Of the recommendations, the most daunting could be amending the FAR. “This is the board’s first foray into dealing with the contracting issue and the FAR Council,” says Loeb. “We have no regulatory power, so we use the bully pulpit. We have a reputation for calling things the way we see them, so we’re probably more independent than the FAR Council is used to dealing with.”
The Senate-confirmed Chemical Board currently has two vacancies. President Obama has nominated Richard Engler, founder and director of the New Jersey Work Environment Council for one of them. The three incumbents “come from the Work Environment Department of the University of Massachusetts at Lowell,” notes Rosenberg, “so we’re completely focused on improving worker health and safety.” The acceptance rate for the board’s recommendations is 70 percent or more, she says.
“We’re a nonregulatory agency, like the National Transportation Safety Board,” Loeb says. “We’re seen by the private sector as a nonregulatory alternative, well-respected.”
Still, the board is not without critics. In April, the nonprofit Center for Public Integrity reported that EPA’s inspector general was examining the board’s audit process to learn why its probes take as long as they do. The center cited investigations of two disasters in April 2010 that are still pending: the explosion at the Tesoro Corp. oil refinery in Anacortes, Wash., which killed five and injured two, and the explosion of the Deepwater Horizon drilling rig in the Gulf of Mexico, which caused 11 deaths and a major oil spill.
“It is unacceptable that after three long years, the CSB has failed to complete its investigation of the tragic Tesoro refinery accident,” Sen. Patty Murray, D-Wash., told the center. “The families of the seven victims and the Anacortes community deserve better, and the CSB must be held accountable for this ridiculous delay.”

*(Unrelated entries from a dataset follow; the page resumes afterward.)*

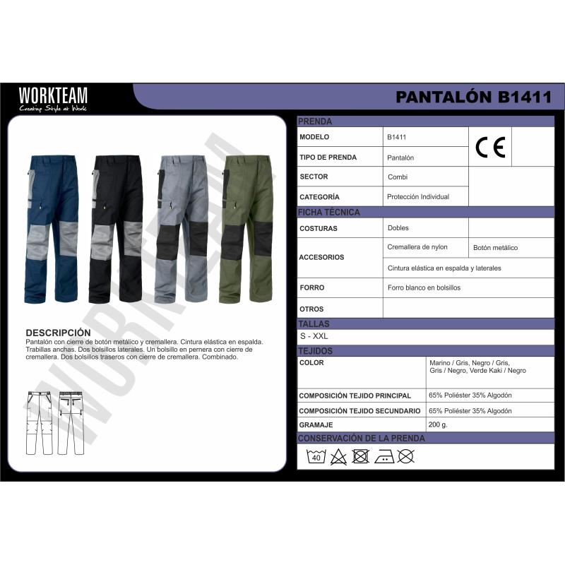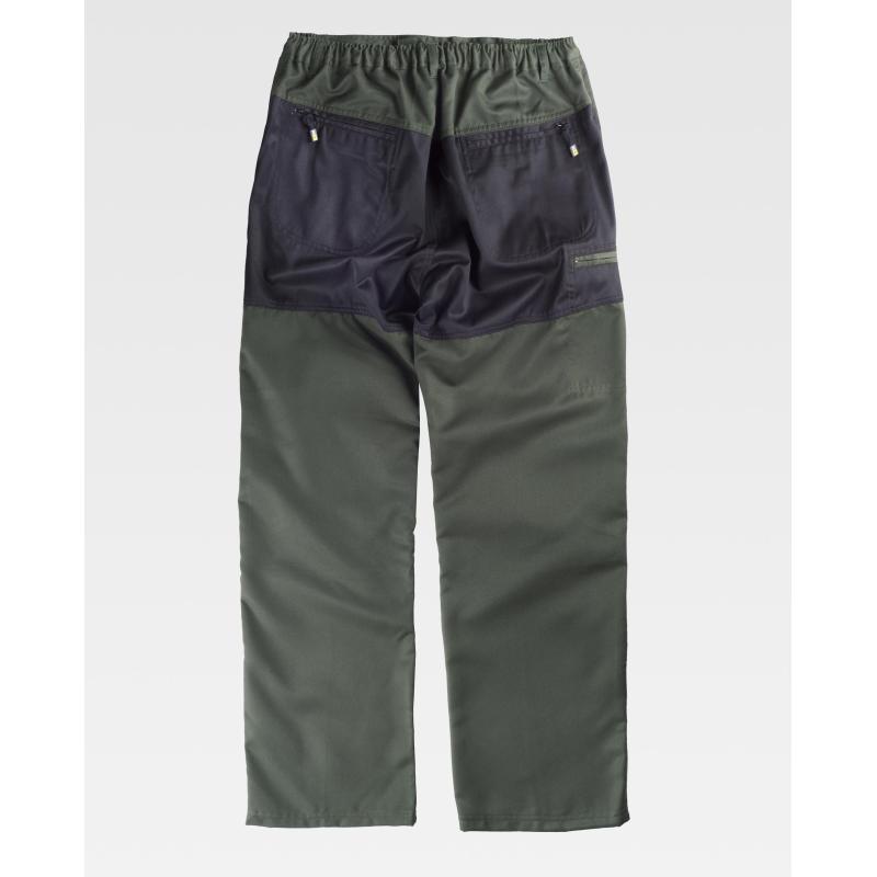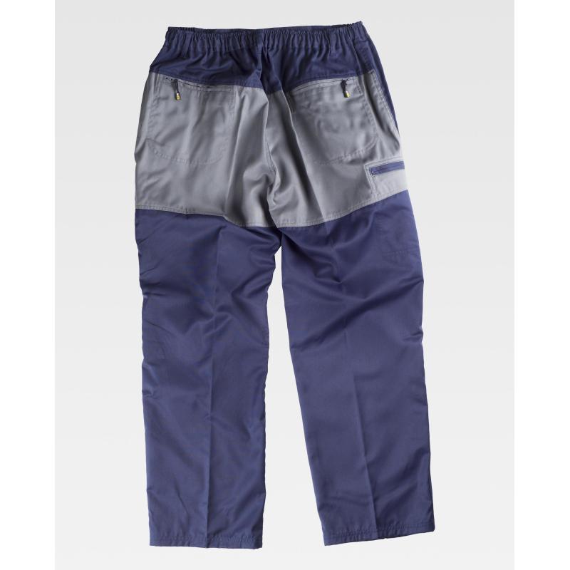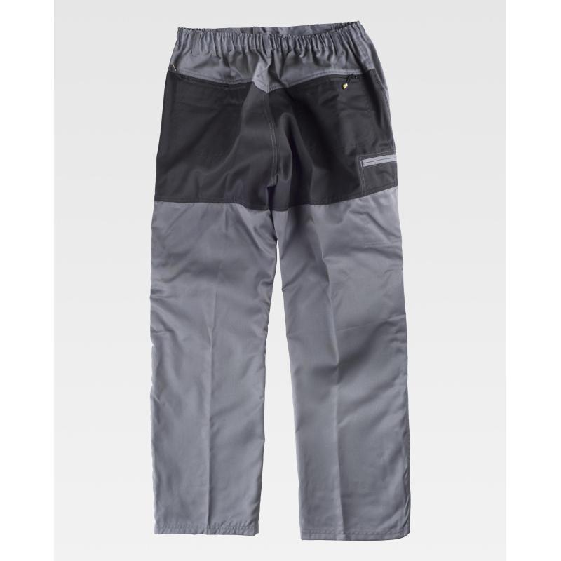 Pantalón combinado. Dos bolsos de ojal de abertura inclinada en los costados. Un bolso lateral interior con cierre de cremallera. Dos bolsos traseros interiores con cremallera en la culera. Rodilleras y culera a contraste. Elástico en cintura. Trabillas de distinto tamaño. Cierre de botón metálico y bragueta de cremallera. 65% Poliéster 35% Algodón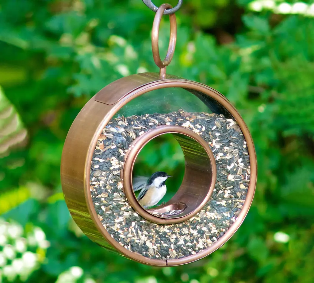 Circle Shaped Copper Fly Thru Bird Feeder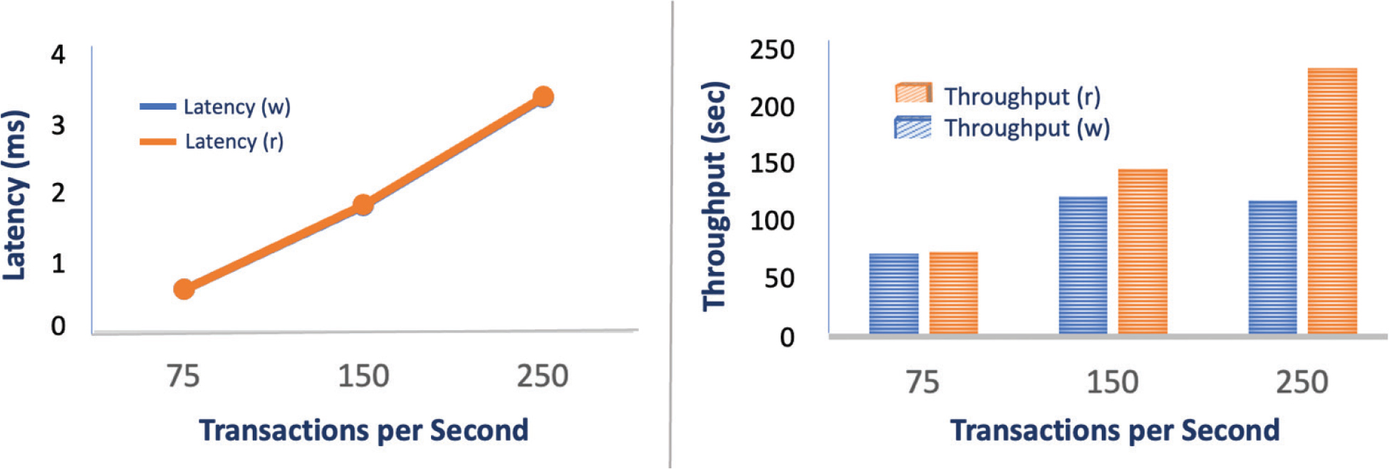 Fig. 8. Evaluation of the impact of transaction numbers, TPS (transactions per second) = 75 from Tables 2 and 3, Org (organization) numbers = 5: Latency and Throughput in Create and Write operations.

Board Chairman Rafael Moure-Eraso and Managing Director Daniel Horowitz say the staff is spread thin.
Loeb is optimistic that agencies will accept the board’s recommendations in the wake of the Hawaii fireworks explosion. But as of April, the White House-run FAR Council had not responded.
The council may be concerned about the reaction from industry, which “doesn’t like to have a strike called on them after the fact,” Loeb says. “There’s a belief in the contractor community that compliance issues are something they prefer to not deal with.”
A 2001 FAR rule, since repealed, “made compliance with law and regulation one of the so-called responsibility standards required when agencies award a federal contract. But it was controversial,” Loeb says, and some in the contracting industry call it blacklisting.
Michael Fischetti, executive director of the National Contract Management Association, believes the FAR is already clear about prime contractors bearing responsibility for the capabilities of their subcontractors. “If the government expected this contract involved unique safety issues otherwise not regulated, those circumstances could have been identified within the contract statement of work,” he says. “The contract could have included guidance promulgated by the Chemical Safety Board.”
Loeb says FAR changes can be contentious. “Usually they involve money issues—some contractor got paid too much for something that didn’t have value. But in this case, the lack of contractor due diligence for something that was so hazardous, resulting in five deaths, was more compelling than a case in which a company has a long record of poor labor relations or is stiffing the government,” he says. “This is more than shenanigans. These families will never recover.”